So you think what they wrote is in fact wrong?

Gold Member
Isn't n dot (a tensor) dot n the same as n dot (the transpose of the tensor) dot n? If so, then all they are missing is a factor of 2.
Also, what would be a good way to know if ##\hat n \cdot \nabla u \cdot \hat n = \hat n \cdot (\nabla u)^T \cdot \hat n##? Like, where did your intuition come from?

Mentor
Also, what would be a good way to know if ##\hat n \cdot \nabla u \cdot \hat n = \hat n \cdot (\nabla u)^T \cdot \hat n##? Like, where did your intuition come from?
Just evaluate it in Cartesian Coordinates and see whether it is correct.

Gold Member
Just evaluate it in Cartesian Coordinates and see whether it is correct.
Thinking about it and reviewing notes, perhaps we don't need to show it's true for cartesian. We know $$\nabla u = D + \Omega : \\ D \equiv \frac{1}{2} (\nabla u + \nabla u ^T), \Omega \equiv \frac{1}{2} (\nabla u - \nabla u ^T)$$
and we know ##D=D^T## and ##\Omega = -\Omega^T##. Then

$$n \cdot \nabla u \cdot n = n \cdot (D + \Omega) \cdot n$$

where we note $$n\cdot\Omega\cdot n = n_i \Omega_{ij} n_j = -n_i \Omega_{ji} n_j$$ so then ##-\Omega = \Omega \implies \Omega = 0.## Also we can show since ##D = D^T## that ##\nabla u ^T = \nabla u##. I think this proves what we seek to show, right?

Mentor
The transpose of the velocity gradient tensor is not equal to the velocity gradient tensor itself.

Gold Member
The transpose of the velocity gradient tensor is not equal to the velocity gradient tensor itself.
Can you elaborate please? I thought ##n \cdot \nabla u \cdot n = n \cdot ( \nabla u)^T \cdot n##.

Mentor
Can you elaborate please? I thought ##n \cdot \nabla u \cdot n = n \cdot ( \nabla u)^T \cdot n##.
That is correct, but it doesn’t guarantee that the gradient of the velocity and its transpose are equal.

Gold Member
That is correct, but it doesn’t guarantee that the gradient of the velocity and its transpose are equal.
I must be missing something. Isn't it enough to show that ##(n \cdot \nabla u \cdot n + n \cdot (\nabla u)^T \cdot n)/2 = n \cdot \nabla u \cdot n ##?

Mentor
You seem to be trying to prove that ##\nabla u=(\nabla u)^T##. Just because ##(n \cdot \nabla u \cdot n + n \cdot (\nabla u)^T \cdot n)/2 = n \cdot \nabla u \cdot n ## is true doesn't necessarily mean that ##\nabla u=(\nabla u)^T##. As a matter of fact, the latter is not generally correct.

Gold Member
You seem to be trying to prove that ##\nabla u=(\nabla u)^T##. Just because ##(n \cdot \nabla u \cdot n + n \cdot (\nabla u)^T \cdot n)/2 = n \cdot \nabla u \cdot n ## is true doesn't necessarily mean that ##\nabla u=(\nabla u)^T##. As a matter of fact, the latter is not generally correct.
Gotcha. But it is true that ##(n \cdot \nabla u \cdot n + n \cdot (\nabla u)^T \cdot n)/2 = n \cdot \nabla u \cdot n ##, right?
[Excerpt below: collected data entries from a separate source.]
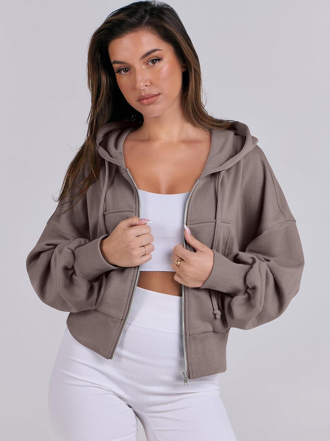 ANRABESS Womens Zip Up Hoodies Cropped Sweatshirts Casual Comfy Cute Zip Jackets Fashion Trendy Fall Outfits 2026 Y2K Clothes(Taupe)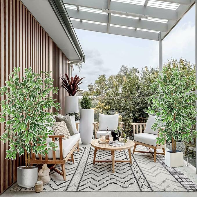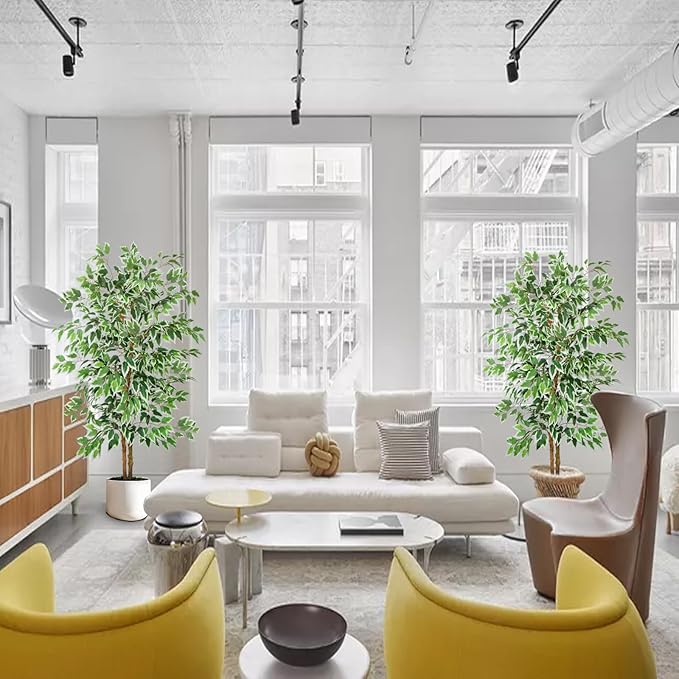 - Product Information: Includes 2 packs artificial ficus tree. Potted ficus tree is 5 feet tall, black pot is 4.5 inches tall / 6 inches wide. It weighs about 19 pounds (The size and weight of each tree is subject to error). The artificial tree look more farmhouse and is suitable for decorating on patios, bedroom, living room, autumn, Christmas indoor and more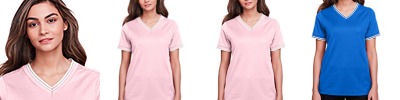 DG20CW CrownLux Performance® Ladies' Plaited Tipped V-Neck Top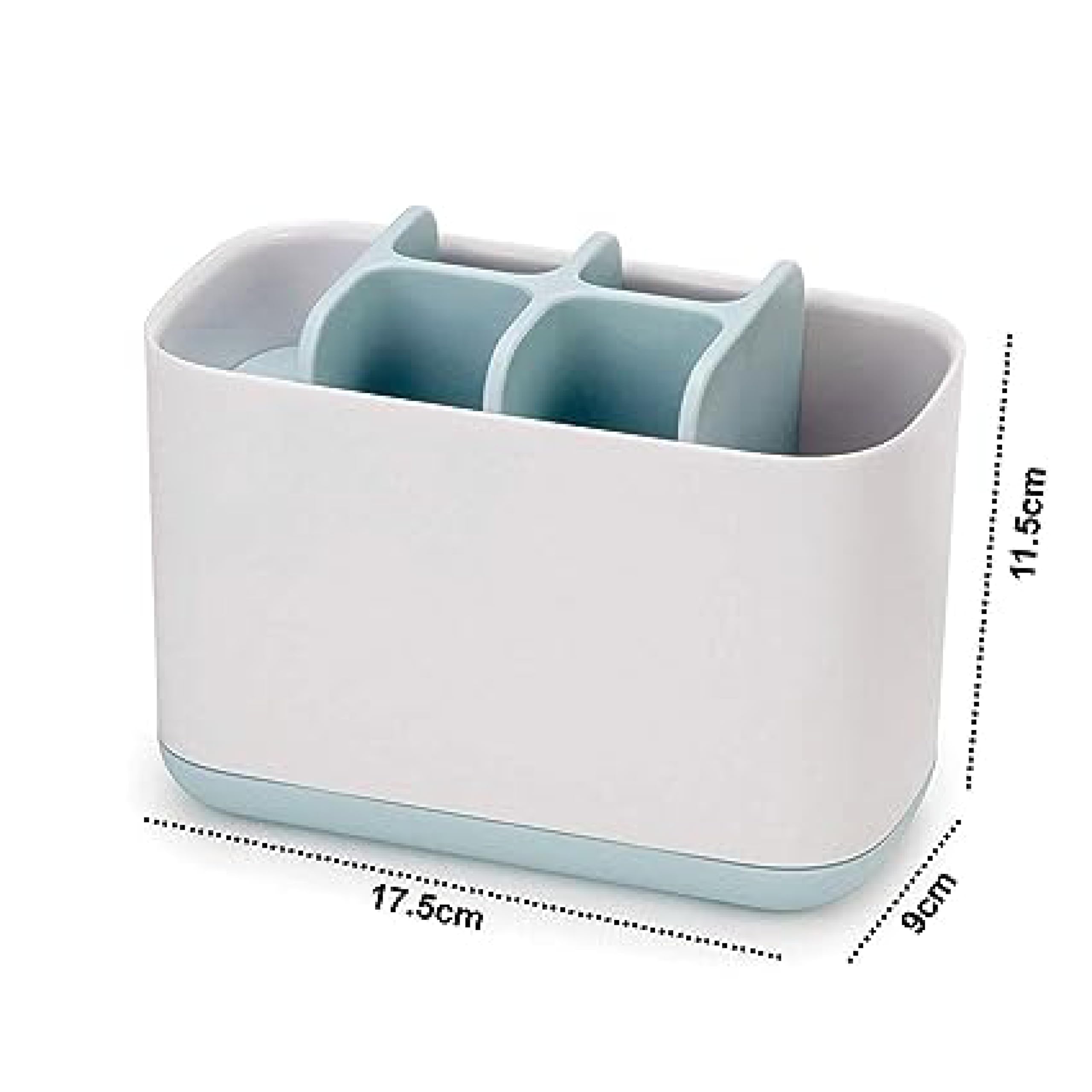 SR large toothbrush caddy is divided into several sections providing organized storage for a range of oral care items including toothbrushes toothpaste tubes and dental floss. It dismantles for easy cleaning and features a shallow compartment for small items a ventilation hole for quick-drying and a non-slip base. Wash and dry by hand.
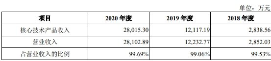 報告期各期,公司核心技術(shù)產(chǎn)品收入占營業(yè)收入的比例情況如下表所示: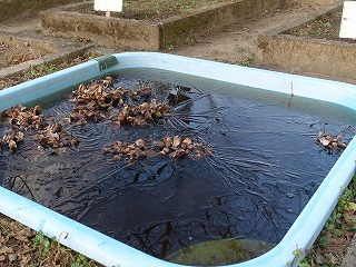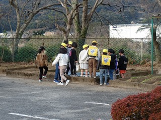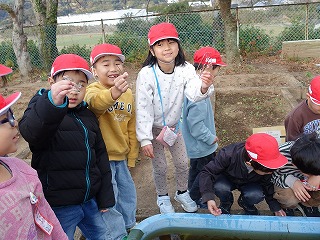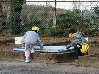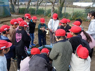 登校時のこと、花壇に水やりに行った高学年の子どもが、「先生、メダカの池に氷がはってますよ。」と教えてくれました。朝の水やりや遊びで運動場に出ている1年生に教えたのですが、「生活科の学習に役立つかも!」と1年生の担任に知らせます。きっと、朝の会の時間だっただろうに、1年生が池の氷を見に来ました。みんなで触ったので、氷が割れ、手でつまめるようになりました。ガラス板のようにきれいな氷にみんな歓声を上げます。冬の寒さを実感する自然現象でした。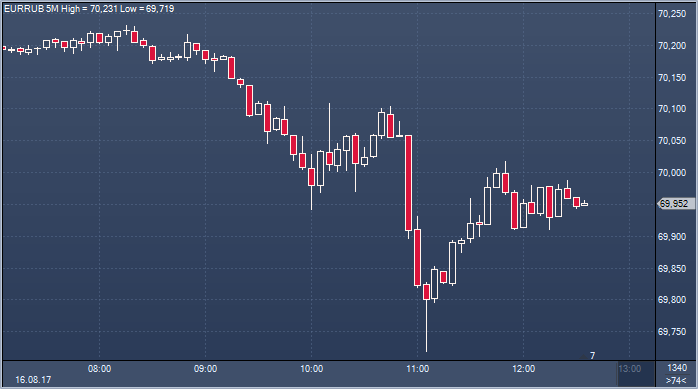 | 16.08.17 11:12 | Курс рубля снова растет, евро опустился ниже 70 | 16.08.17 13:27 | Канадский доллар может протестировать 1.2940 - TD |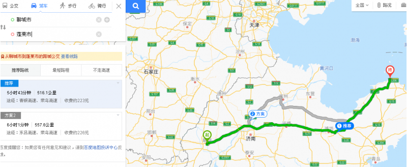 D1:聊城——煙臺蓬萊(516.1公里,大約6小時左右)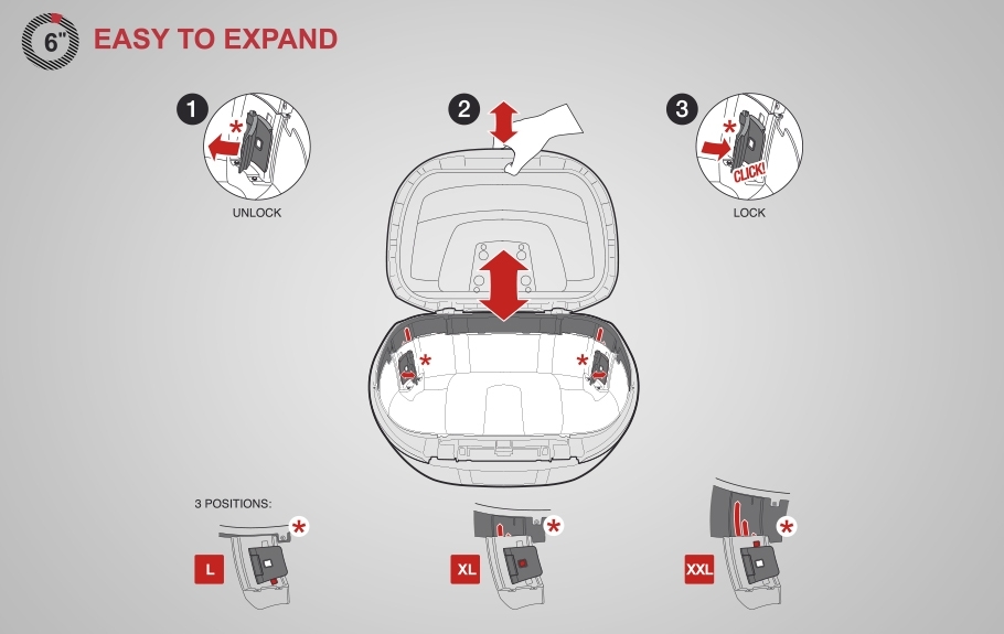 Design, tecnologia e experiência juntos para desenvolver o único baú central do mercado expansível até 58 litros. Seu volume é ajustável em três posições diferentes em poucos segundos - 46 litros, 52 litros e 58 litros. A funcionalidade e praticidade desse baú adapta-se a qualquer momento às necessidades de bagagem do motociclista, das rotinas diárias na cidade até as viagens de aventura.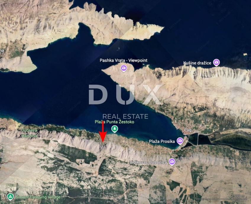 Prodaje se prostrano građevinsko zemljište na otoku Pagu, sa unutarnje strane otoka s pogledom na tzv. Paška vrata.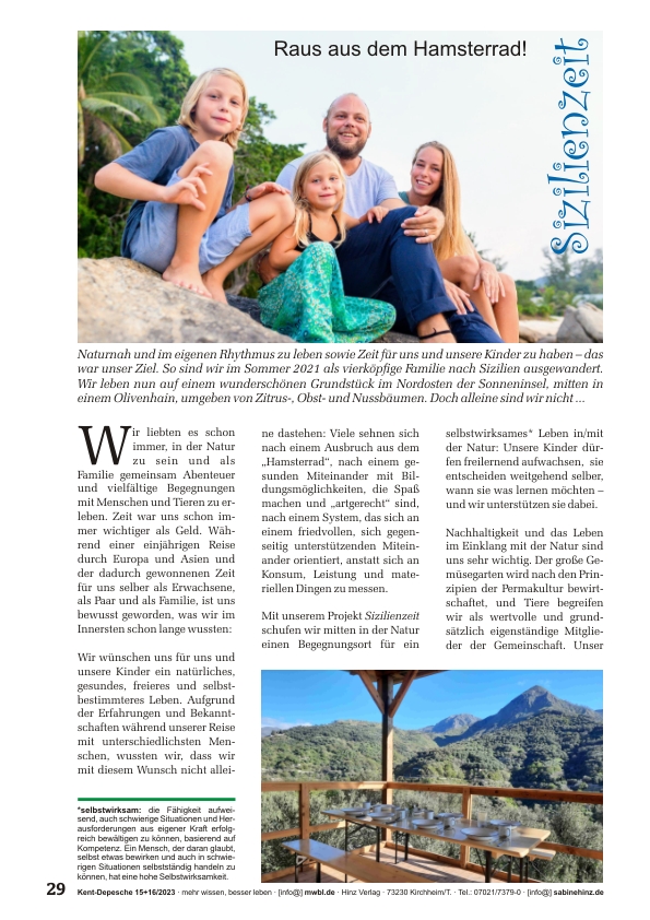 »Naturnah und im eigenen Rhythmus zu leben sowie Zeit für uns und unsere Kinder zu haben – das war unser Ziel. So sind wir im Sommer 2021 als vierköpfige Familie nach Sizilien ausgewandert. Wir leben nun auf einem wunderschönen Grundstück im Nordosten der Sonneninsel, mitten in einem Olivenhain, umgeben von Zitrus-, Obst- und Nussbäumen. Doch alleine sind wir nicht ...«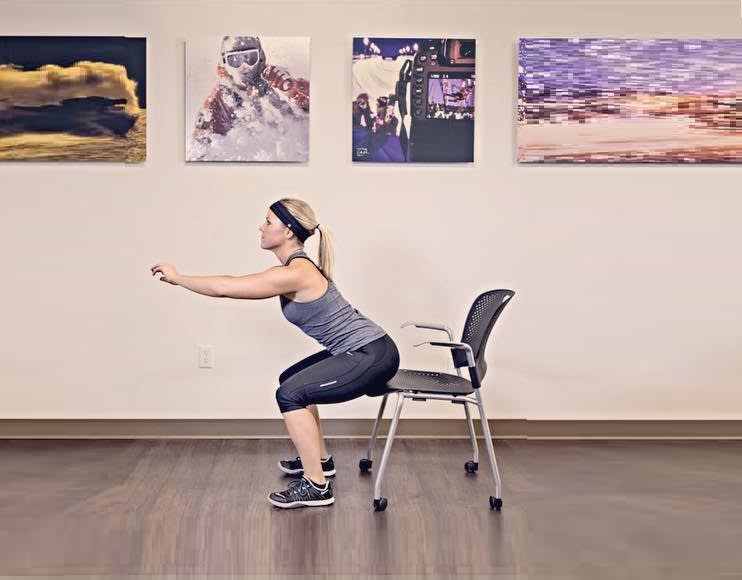 - Using your arms as a model, stretch out in front of you, and gently touch the seat with your hips, ensuring that your knees are directly tracking your toes and not knocking inward. Have been.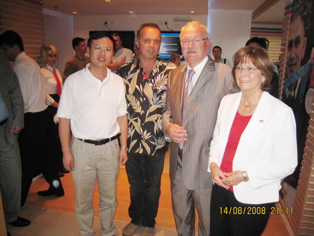 8月14日,公司總裁高彥臣、國際貿(mào)易部部長魏學亮應斯洛伐克奧運委員會和大陸瑪塔道爾公司邀請,在北京斯洛伐克奧運之家拜會了來華出席奧運會開幕式的斯洛伐克總統(tǒng)伊萬加什帕羅維奇及夫人、大陸瑪塔道爾公司領導羅西納先生一行,并參加了“斯洛伐克運動員奧運會慶功晚宴”。 雙方進行了親切友好的交流。我公司與大陸瑪塔道爾公司在長期的合作過程中,真誠相待,優(yōu)勢互補,不僅推動了合作產(chǎn)品的國際化,也進一步促進了中斯友好合作關系。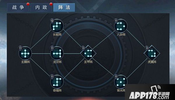 法阵的话适合初期的只有一两个阵,这时随便主点一个就行,主力推荐玄甲阵及战法阵这两个。由于游戏前期只会有战法将上阵,所以建议科技先点防御和兵力及战法伤害这三个。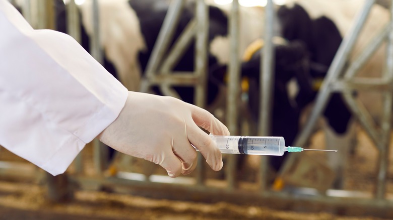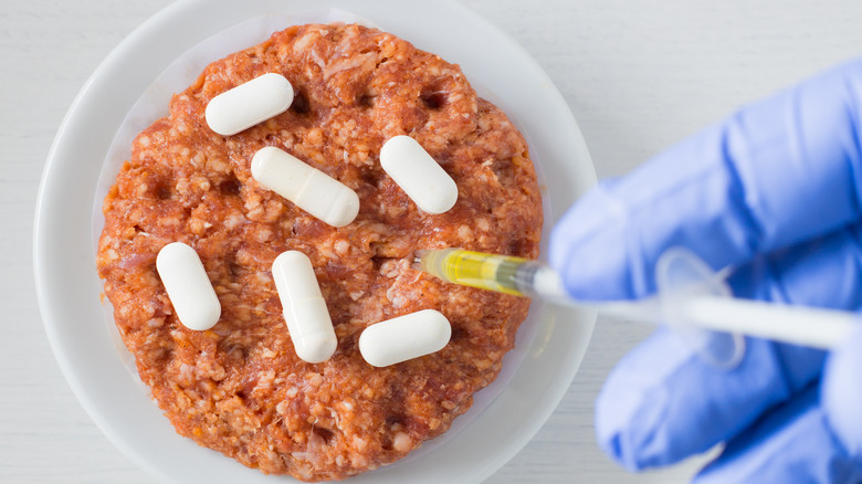 The use of hormones in beef production is a contentious issue. Producers often give cows hormones, some of which are naturally occurring, like estrogen and androgens, to boost body mass before slaughter. This, in turn, decreases the amount of time the cow spends in a feedlot on grain. These hormones are delivered via a tiny implant placed under the skin near the cow's ear, which is then discarded during processing.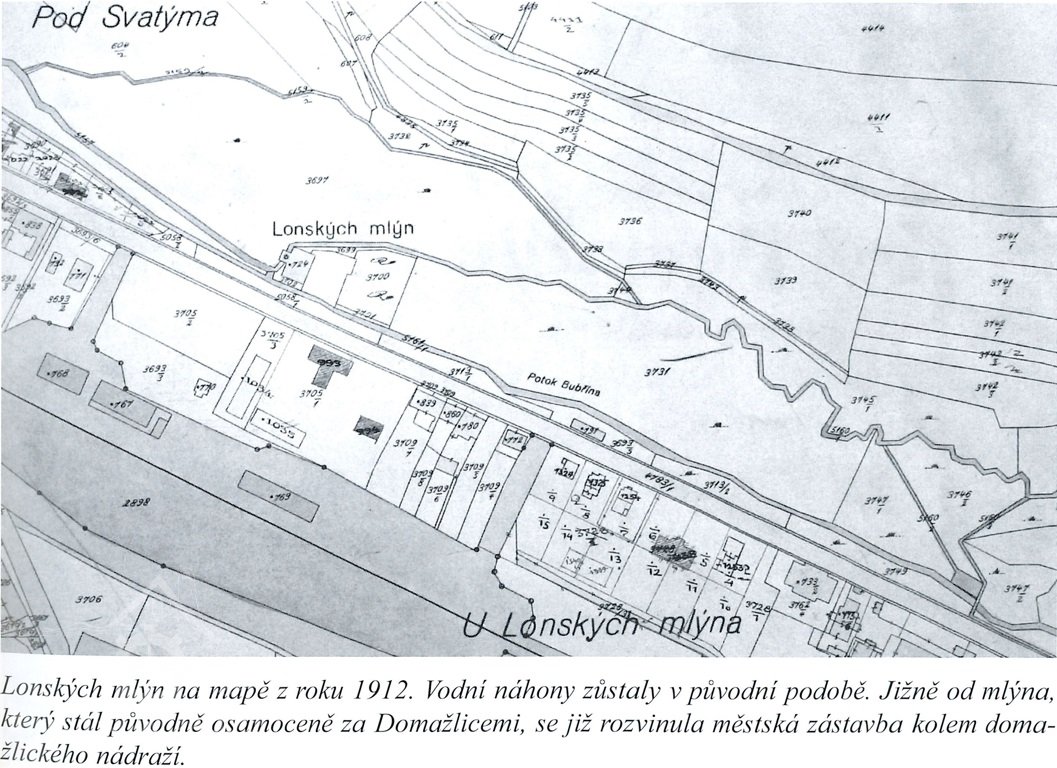 První zmínka pochází opět jako u většiny ostatních domažlických mlýnů z roku 1561, mlýn tehdy patřil měšťanu a radnímu Václavu Lepenému.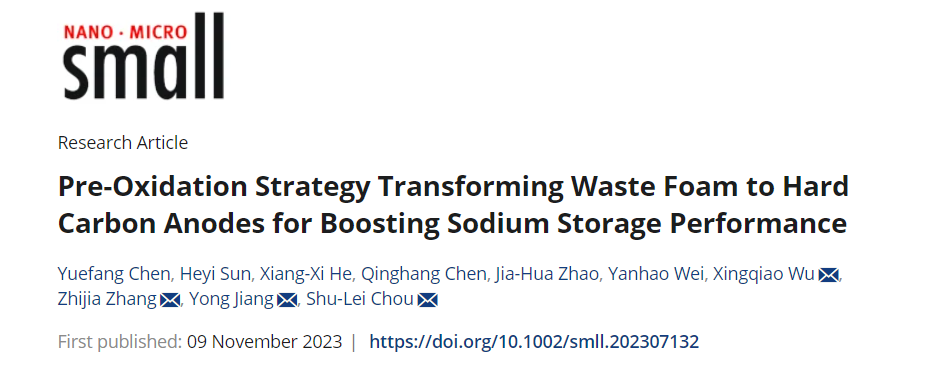 该研究以题目为“Pre-oxidation Strategy Transforming Waste Foam to Hard Carbon Anodes for Boosting Sodium Storage Performance”的论文发表在材料领域国际顶级期刊《Small》。金沙官网

Also, when I take the inner product $$M_{ij} = \int (n \cdot \nabla \nabla \phi_i \cdot n) \phi_j : u = \nabla \phi$$ it turns out ##M_{ij} \neq M_{ji}##. I have reason to think ##M## should be symmetric. What do you think?

Mentor
Gotcha. But it is true that ##(n \cdot \nabla u \cdot n + n \cdot (\nabla u)^T \cdot n)/2 = n \cdot \nabla u \cdot n ##, right?
Yes. You can show this using Cartesian coordinates.
Also, when I take the inner product $$M_{ij} = \int (n \cdot \nabla \nabla \phi_i \cdot n) \phi_j : u = \nabla \phi$$ it turns out ##M_{ij} \neq M_{ji}##. I have reason to think ##M## should be symmetric. What do you think?
I think I don't understand this notation.

Gold Member
Yes. You can show this using Cartesian coordinates.
Yes, I did this for the problem I'm working on and it's true.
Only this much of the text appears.